■ Assignment ■
Only the lines below, from the one with "아이들의 리본 하나 하나에 담긴 메시지가 가슴을 흔들었다." through the one with "足は唯一地面と接する土台とな", are to be written out, exactly.

(Material to process Opens)

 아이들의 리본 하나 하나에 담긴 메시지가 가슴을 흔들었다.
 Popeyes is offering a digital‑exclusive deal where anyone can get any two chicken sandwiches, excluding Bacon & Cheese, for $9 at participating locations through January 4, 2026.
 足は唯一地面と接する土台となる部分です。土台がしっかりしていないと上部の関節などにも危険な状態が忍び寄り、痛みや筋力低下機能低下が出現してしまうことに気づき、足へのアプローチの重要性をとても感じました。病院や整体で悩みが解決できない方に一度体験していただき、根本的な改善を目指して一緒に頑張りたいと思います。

(Material to process Closes)
(Material to process Opens)

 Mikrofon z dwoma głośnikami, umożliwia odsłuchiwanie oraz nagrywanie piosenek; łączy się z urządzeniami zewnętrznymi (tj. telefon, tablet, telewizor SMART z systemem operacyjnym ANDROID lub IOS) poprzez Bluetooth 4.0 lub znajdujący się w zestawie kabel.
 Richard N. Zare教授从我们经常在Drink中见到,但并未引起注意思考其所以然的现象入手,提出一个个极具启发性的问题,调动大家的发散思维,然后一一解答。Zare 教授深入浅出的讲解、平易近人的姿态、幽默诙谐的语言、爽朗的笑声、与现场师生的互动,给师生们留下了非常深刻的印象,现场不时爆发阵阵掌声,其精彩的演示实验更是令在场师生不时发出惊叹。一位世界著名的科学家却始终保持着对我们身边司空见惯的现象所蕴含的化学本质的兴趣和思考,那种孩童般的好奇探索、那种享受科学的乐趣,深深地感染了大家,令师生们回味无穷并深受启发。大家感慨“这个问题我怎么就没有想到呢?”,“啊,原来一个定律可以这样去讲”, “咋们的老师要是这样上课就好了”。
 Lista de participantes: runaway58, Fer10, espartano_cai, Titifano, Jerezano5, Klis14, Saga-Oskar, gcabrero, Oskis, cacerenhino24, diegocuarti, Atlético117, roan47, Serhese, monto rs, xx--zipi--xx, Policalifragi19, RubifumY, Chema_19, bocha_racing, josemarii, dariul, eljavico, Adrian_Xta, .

(Material to process Closes)

■ Task output ■
 아이들의 리본 하나 하나에 담긴 메시지가 가슴을 흔들었다.
 Popeyes is offering a digital‑exclusive deal where anyone can get any two chicken sandwiches, excluding Bacon & Cheese, for $9 at participating locations through January 4, 2026.
 足は唯一地面と接する土台となる部分です。土台がしっかりしていないと上部の関節などにも危険な状態が忍び寄り、痛みや筋力低下機能低下が出現してしまうことに気づき、足へのアプローチの重要性をとても感じました。病院や整体で悩みが解決できない方に一度体験していただき、根本的な改善を目指して一緒に頑張りたいと思います。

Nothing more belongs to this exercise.